Exercise requirements:
Look below for the line that has "Up to this point, the"; output exactly from it through the line that has "Gezicht op de", and leave the pictures out.

Given records:
________________
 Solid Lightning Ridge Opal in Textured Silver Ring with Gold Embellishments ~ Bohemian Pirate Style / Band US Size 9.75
________________
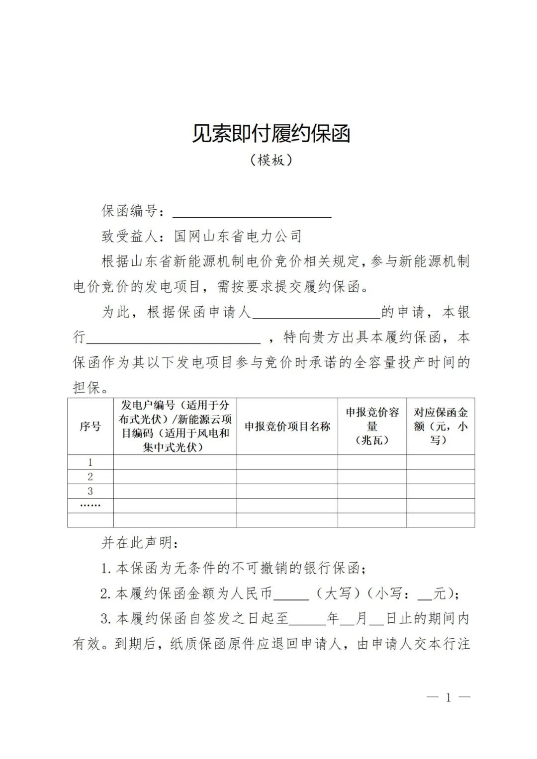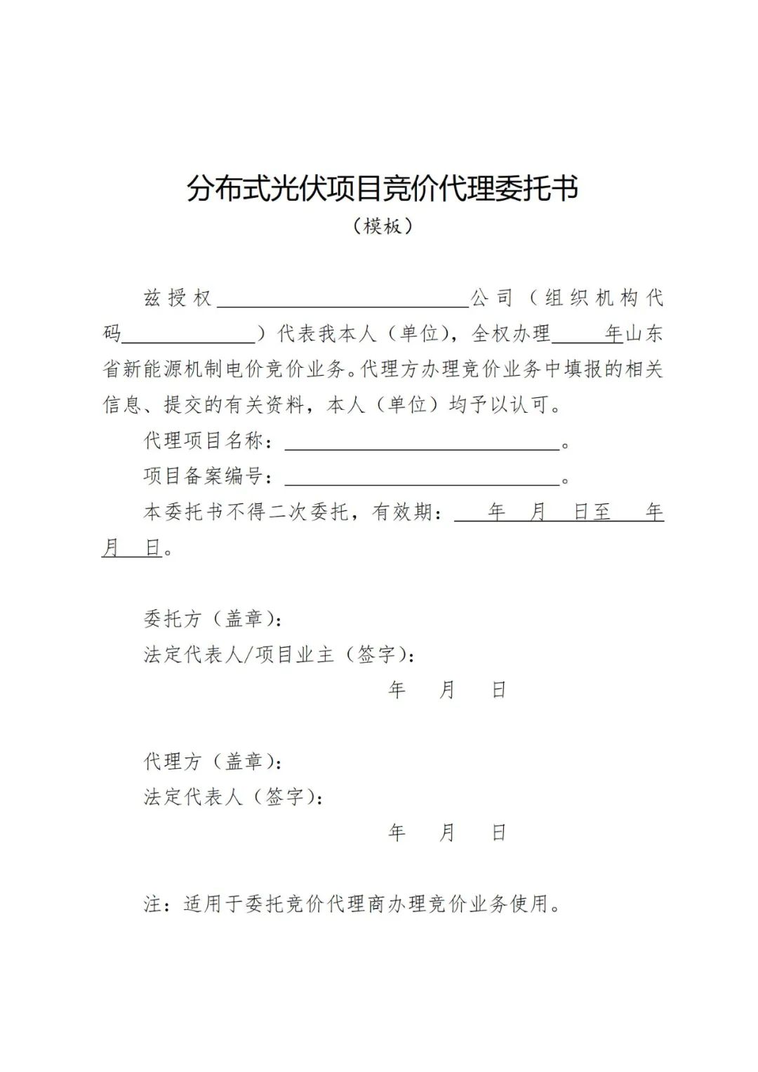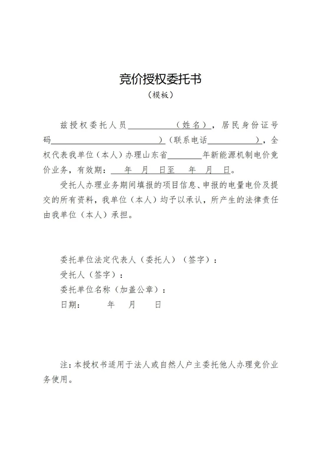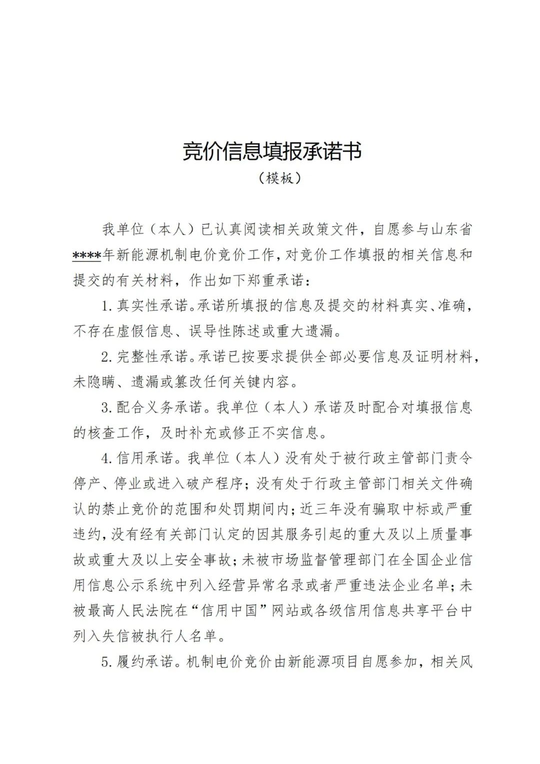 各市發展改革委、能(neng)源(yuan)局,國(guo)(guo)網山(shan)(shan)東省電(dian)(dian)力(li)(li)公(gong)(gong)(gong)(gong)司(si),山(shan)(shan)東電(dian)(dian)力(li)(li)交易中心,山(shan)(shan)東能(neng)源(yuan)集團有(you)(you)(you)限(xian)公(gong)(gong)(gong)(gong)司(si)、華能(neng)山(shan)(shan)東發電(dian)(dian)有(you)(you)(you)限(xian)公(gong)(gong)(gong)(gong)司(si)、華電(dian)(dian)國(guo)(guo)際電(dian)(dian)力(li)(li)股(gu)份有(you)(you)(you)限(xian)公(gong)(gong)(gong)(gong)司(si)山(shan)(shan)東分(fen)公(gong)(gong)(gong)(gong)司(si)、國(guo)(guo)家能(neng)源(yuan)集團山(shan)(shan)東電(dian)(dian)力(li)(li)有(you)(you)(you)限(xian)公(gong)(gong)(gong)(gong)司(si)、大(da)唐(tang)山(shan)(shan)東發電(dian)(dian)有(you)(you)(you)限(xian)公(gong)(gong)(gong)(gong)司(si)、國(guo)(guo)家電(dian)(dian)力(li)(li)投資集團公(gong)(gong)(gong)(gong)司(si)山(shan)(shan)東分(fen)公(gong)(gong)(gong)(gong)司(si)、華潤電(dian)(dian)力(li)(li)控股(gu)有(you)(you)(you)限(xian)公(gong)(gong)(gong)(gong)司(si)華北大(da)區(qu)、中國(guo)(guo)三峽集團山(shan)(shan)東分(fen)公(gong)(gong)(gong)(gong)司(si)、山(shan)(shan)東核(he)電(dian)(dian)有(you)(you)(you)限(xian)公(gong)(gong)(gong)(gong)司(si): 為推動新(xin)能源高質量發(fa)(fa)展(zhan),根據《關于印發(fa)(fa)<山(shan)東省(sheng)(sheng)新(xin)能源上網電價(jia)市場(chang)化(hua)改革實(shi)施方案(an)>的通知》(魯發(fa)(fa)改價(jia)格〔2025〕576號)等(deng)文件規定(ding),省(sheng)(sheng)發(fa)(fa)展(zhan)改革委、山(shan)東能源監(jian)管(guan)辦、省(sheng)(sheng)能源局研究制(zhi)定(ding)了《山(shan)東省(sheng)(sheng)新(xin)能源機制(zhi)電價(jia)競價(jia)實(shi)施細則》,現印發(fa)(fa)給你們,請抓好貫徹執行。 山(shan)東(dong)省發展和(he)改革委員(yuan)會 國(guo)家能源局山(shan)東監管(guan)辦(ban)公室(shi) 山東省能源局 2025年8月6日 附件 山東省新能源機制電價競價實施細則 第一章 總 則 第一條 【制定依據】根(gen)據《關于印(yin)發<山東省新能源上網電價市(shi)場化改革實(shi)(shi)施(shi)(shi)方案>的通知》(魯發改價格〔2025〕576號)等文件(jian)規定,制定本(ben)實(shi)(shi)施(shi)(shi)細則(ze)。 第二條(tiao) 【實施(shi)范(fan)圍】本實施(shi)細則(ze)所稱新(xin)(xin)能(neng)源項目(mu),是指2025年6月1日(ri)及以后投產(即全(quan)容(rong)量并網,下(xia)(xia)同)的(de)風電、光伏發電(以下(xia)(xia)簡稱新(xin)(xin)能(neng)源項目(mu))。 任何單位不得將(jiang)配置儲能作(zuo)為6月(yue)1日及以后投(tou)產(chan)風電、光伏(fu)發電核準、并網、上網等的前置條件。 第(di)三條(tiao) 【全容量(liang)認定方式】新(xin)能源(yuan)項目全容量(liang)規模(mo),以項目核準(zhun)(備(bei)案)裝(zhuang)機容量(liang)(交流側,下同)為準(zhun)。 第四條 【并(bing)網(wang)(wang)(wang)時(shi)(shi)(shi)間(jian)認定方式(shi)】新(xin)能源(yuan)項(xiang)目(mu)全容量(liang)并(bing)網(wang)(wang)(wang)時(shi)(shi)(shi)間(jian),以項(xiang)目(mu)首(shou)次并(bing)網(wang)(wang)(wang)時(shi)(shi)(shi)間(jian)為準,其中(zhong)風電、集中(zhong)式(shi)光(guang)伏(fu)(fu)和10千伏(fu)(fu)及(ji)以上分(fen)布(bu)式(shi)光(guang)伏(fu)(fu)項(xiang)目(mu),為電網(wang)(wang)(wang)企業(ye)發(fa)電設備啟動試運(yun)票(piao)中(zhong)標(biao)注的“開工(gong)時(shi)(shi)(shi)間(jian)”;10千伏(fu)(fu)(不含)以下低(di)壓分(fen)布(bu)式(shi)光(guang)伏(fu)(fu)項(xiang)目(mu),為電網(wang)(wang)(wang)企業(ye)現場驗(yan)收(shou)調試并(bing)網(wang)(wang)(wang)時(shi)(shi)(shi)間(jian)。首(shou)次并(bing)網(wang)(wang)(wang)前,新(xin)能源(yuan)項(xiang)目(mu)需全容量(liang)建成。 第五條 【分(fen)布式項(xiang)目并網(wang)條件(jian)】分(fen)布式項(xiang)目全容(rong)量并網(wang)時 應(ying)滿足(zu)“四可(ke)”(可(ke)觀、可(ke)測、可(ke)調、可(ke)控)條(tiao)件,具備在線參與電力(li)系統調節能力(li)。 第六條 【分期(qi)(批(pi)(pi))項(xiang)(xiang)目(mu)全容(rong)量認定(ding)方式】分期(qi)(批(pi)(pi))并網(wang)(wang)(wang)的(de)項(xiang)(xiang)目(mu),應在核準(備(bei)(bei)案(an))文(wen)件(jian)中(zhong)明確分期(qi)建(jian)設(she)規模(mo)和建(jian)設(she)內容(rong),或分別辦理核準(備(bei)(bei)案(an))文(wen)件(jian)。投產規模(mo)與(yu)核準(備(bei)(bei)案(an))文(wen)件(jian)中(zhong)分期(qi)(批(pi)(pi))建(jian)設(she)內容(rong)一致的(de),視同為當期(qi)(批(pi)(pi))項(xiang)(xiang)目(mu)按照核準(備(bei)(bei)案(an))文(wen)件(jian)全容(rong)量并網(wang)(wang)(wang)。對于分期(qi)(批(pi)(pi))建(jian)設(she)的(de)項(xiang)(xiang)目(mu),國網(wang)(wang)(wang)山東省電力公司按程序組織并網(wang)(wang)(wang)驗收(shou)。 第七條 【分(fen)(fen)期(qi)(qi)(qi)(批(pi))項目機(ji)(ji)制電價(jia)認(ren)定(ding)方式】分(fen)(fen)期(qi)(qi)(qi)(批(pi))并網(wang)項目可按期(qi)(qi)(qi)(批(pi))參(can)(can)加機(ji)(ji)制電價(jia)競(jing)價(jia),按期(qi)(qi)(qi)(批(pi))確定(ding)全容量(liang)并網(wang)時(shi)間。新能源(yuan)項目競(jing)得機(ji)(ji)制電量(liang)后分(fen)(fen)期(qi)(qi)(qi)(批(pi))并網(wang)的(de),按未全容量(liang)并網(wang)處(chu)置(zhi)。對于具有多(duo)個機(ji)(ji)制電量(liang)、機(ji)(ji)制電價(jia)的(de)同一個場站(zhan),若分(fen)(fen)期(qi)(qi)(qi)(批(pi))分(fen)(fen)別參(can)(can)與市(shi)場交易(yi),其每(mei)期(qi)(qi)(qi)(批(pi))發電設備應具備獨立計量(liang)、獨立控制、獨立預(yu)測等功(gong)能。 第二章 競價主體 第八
________________
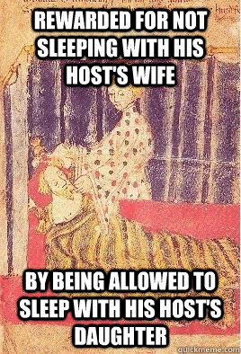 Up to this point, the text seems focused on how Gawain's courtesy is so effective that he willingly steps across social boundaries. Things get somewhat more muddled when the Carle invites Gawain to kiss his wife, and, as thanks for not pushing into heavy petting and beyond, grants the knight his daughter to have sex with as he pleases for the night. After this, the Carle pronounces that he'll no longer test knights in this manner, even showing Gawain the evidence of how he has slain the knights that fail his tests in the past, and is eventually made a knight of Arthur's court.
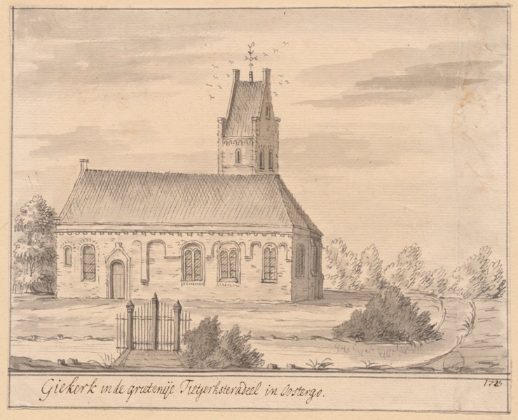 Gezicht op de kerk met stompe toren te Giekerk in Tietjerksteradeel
________________
Solved exercise:
 Up to this point, the text seems focused on how Gawain's courtesy is so effective that he willingly steps across social boundaries. Things get somewhat more muddled when the Carle invites Gawain to kiss his wife, and, as thanks for not pushing into heavy petting and beyond, grants the knight his daughter to have sex with as he pleases for the night. After this, the Carle pronounces that he'll no longer test knights in this manner, even showing Gawain the evidence of how he has slain the knights that fail his tests in the past, and is eventually made a knight of Arthur's court.
 Gezicht op de kerk met stompe toren te Giekerk in Tietjerksteradeel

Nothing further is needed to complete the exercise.